The Storm worm and botnets have managed to automate a common pattern in the history of information security: the cat and mouse game. Attackers find a way to compromise a system, systems administrators and security professionals close the vulnerability or create a countermeasure, and the attackers search for, and eventually find, another way to compromise the system. Needless to say, the systems administrators and security professionals respond as expected to mitigate the new threat and the process repeats.
Figure 5.1: The evolution of information security has been a pattern of attacks begetting countermeasures which beget attacks and so on.
As a prelude to examining emerging threats, it is useful to examine a few examples of how threats have changed; in particular, the changes in
Each of these present distinct types of threats to information security, but their development paths exhibit common patterns.
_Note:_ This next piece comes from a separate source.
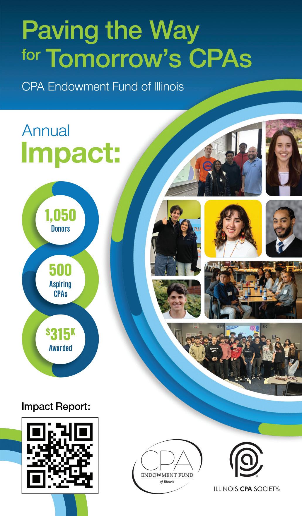 Insight is the magazine of the Illinois CPA Society. Statements or articles of opinion appearing in Insight are not necessarily the views of the Illinois CPA Society. The materials and information contained within Insight are offered as information only and not as practice, financial, accounting, legal or other professional advice. Readers are strongly encouraged to consult with an appropriate professional advisor before acting on the information contained in this publication. It is Insight’s policy not to knowingly accept advertising that discriminates on the basis of race, religion, sex, age or origin. The Illinois CPA Society reserves the right to reject paid advertising that does not meet Insight’s qualifications or that may detract from its professional and ethical standards. The Illinois CPA Society does not necessarily endorse the non-Society resources, services or products that may appear or be referenced within Insight, and makes no representation or warranties about the products or services they may provide or their accuracy or claims. The Illinois CPA Society does not guarantee delivery dates for Insight. The Society disclaims all warranties, express or implied, and assumes no responsibility whatsoever for damages incurred as a result of delays in delivering Insight. Insight (ISSN1053-8542) is published four times a year, in spring, summer, fall, and winter, by the Illinois CPA Society,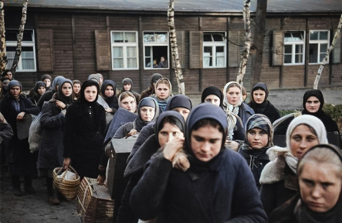 Девушки, привезенные из СССР на принудительные работы в Германию, прибыли в транзитный лагерь Berlin-Wilhelmshagen, 1942 год.

The first malware appeared in the 1970s on the Arpanet, the precursor to the Internet. A program known as Creeper that infected the Tenex operating system (OS) would display the message 'I'M THE CREEPER : CATCH ME IF YOU CAN.' on infected systems. A clean up program, called Reaper, was deployed to eliminate Creeper, and so began the first iteration in the many cycles of malware attack and counterattack. For our purposes, the evolution of malware can be divided into three stages with subsequent stages representing more complex malicious code.
Early viruses and worms were relatively simple by today's standards, but as with their contemporary counterparts, early viruses and worms took advantage of vulnerabilities in OSs and applications to spread. Throughout the 1980s, viruses spread on Apple and IBM PC platforms taking advantage of the fact that OSs were stored on floppy disks with no logical access controls. Viruses spread when floppy disks were shared. Malicious code could copy itself to memory and then to other floppies, thus spreading the infection.
The first Internet worm also appeared in the 1980s. Known as the Morris Worm, it took advantage of vulnerabilities in email and network utility programs to spread. Unfortunately, the rapid spread of the worm created an unintended Denial of Service (DoS) attack on compromised servers.
Both early viruses and worms could be detected and eliminated relatively easily with basic pattern recognition techniques. As the motivation to create viruses and worms moved beyond pranks and experiments, malware writers, like bacteria in antibiotic-rich environments, had to adapt to survive. And just as some pathogens use a kind of chemical camouflage to disguise their presence in host organisms, programmers turned to obfuscation to avoid detection.
Attempts to mask viruses using encryption were a start at reducing the chance of detection, but they did not go far enough. It is true that a virus that replicated itself and then encrypted itself with a random key could not be detected using the signature-based antivirus programs. The problem for virus writers, though, is that they need to decrypt their program before it could be used. This meant that viruses would have to carry around a decryption module along with their payload and that was their Achilles Heal. Antivirus programs could use signatures to identify the unencrypted decryption module. Encrypting the payload was not enough; any data that spread by malware must be obscured and the patterns must change frequently and randomly enough to make signature-based detection impossible.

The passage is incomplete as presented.